1724 April 22, born in Königsburg, East Prussia, to a family of the pietist sect.
1734 Enters the Collegium Fredericianum to study theology, excells in the classics.
1740 Enters the University of Konigsburg and studies mathematics and physics.
1746 Finishes study at the university and spends the next nine years employed as a private tutor. His father dies.
1755 Earns his masters degree and lectures at the university for the next fifteen years as a Privatdozent.
1766 Earns the post of the under-librarian.
1770 Finally promoted to professorship of logic and metaphysics.
1781 Publishes Critique of Pure Reason.
1783 Publishes Prolegomena to any Future Metaphysics.
1785 Publishes Groundwork for the Metaphysics of Morals.
1788 Publishes Critique of Practical Reason.
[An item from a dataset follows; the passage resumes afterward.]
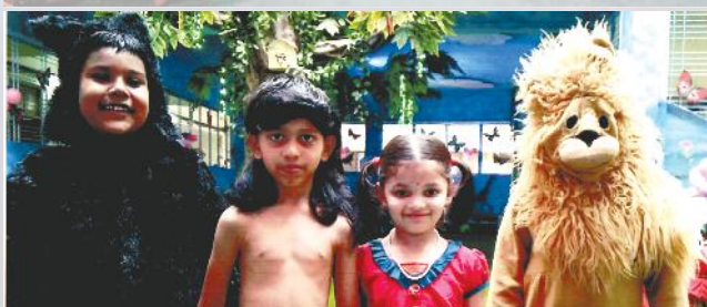
Jungle Book Characters by K. G. Students on the opening of "Play Area".

1790 Publishes Critique of Judgement.
1792 Is embroiled with the Government review regarding his religious doctrines and prohibited from lecturing or writing on religious subjects by the king Frederick William II.
1793 Publishes Religion within the Limits of Reason Alone.
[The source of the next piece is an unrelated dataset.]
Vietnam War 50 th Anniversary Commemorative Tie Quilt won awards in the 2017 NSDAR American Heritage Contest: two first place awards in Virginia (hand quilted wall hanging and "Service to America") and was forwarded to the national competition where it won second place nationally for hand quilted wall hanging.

1794 Withdraws from society but continues his lectures.
1795 Reduces his lectures to one each week.
1797 Retires from his post at the university. The death of King Frederick William II removes the ban on his religious writing and lecturing. Publishes Groundwork of the Metaphysic of Morals.
1798 Publishes Anthropology, Considered from a Pragmatic Viewpoint.
1804 February 12, dies in Konigsburg having never travelled more than forty miles from his home town.

Life

Born in Königsberg (now Kaliningrad, Russia), April 22, 1724, Kant received his education at the Collegium Fredericianum and the University of Königsberg. At the college he studied chiefly the classics, and at the university he studied physics and mathematics. After his father died, he was compelled to halt his university career and earn his living as a private tutor. In 1755, aided by a friend, he resumed his studies and obtained his doctorate. Thereafter, for 15 years he taught at the university, lecturing first on science and mathematics, but gradually enlarging his field of concentration to cover almost all branches of philosophy. Although Kant's lectures and works written during this period established his reputation as an original philosopher, he did not receive a chair at the university until 1770, when he was made professor of logic and metaphysics. For the next 27 years he continued to teach and attracted large numbers of students to Königsberg. Kant's unorthodox religious teachings, which were based on rationalism rather than revelation, brought him into conflict with the government of Prussia, and in 1792 he was forbidden by Frederick William II, king of Prussia, to teach or write on religious subjects. Kant obeyed this order for five years until the death of the king and then felt released from his obligation. In 1798, the year following his retirement from the university, he published a summary of his religious views. He died February 12, 1804.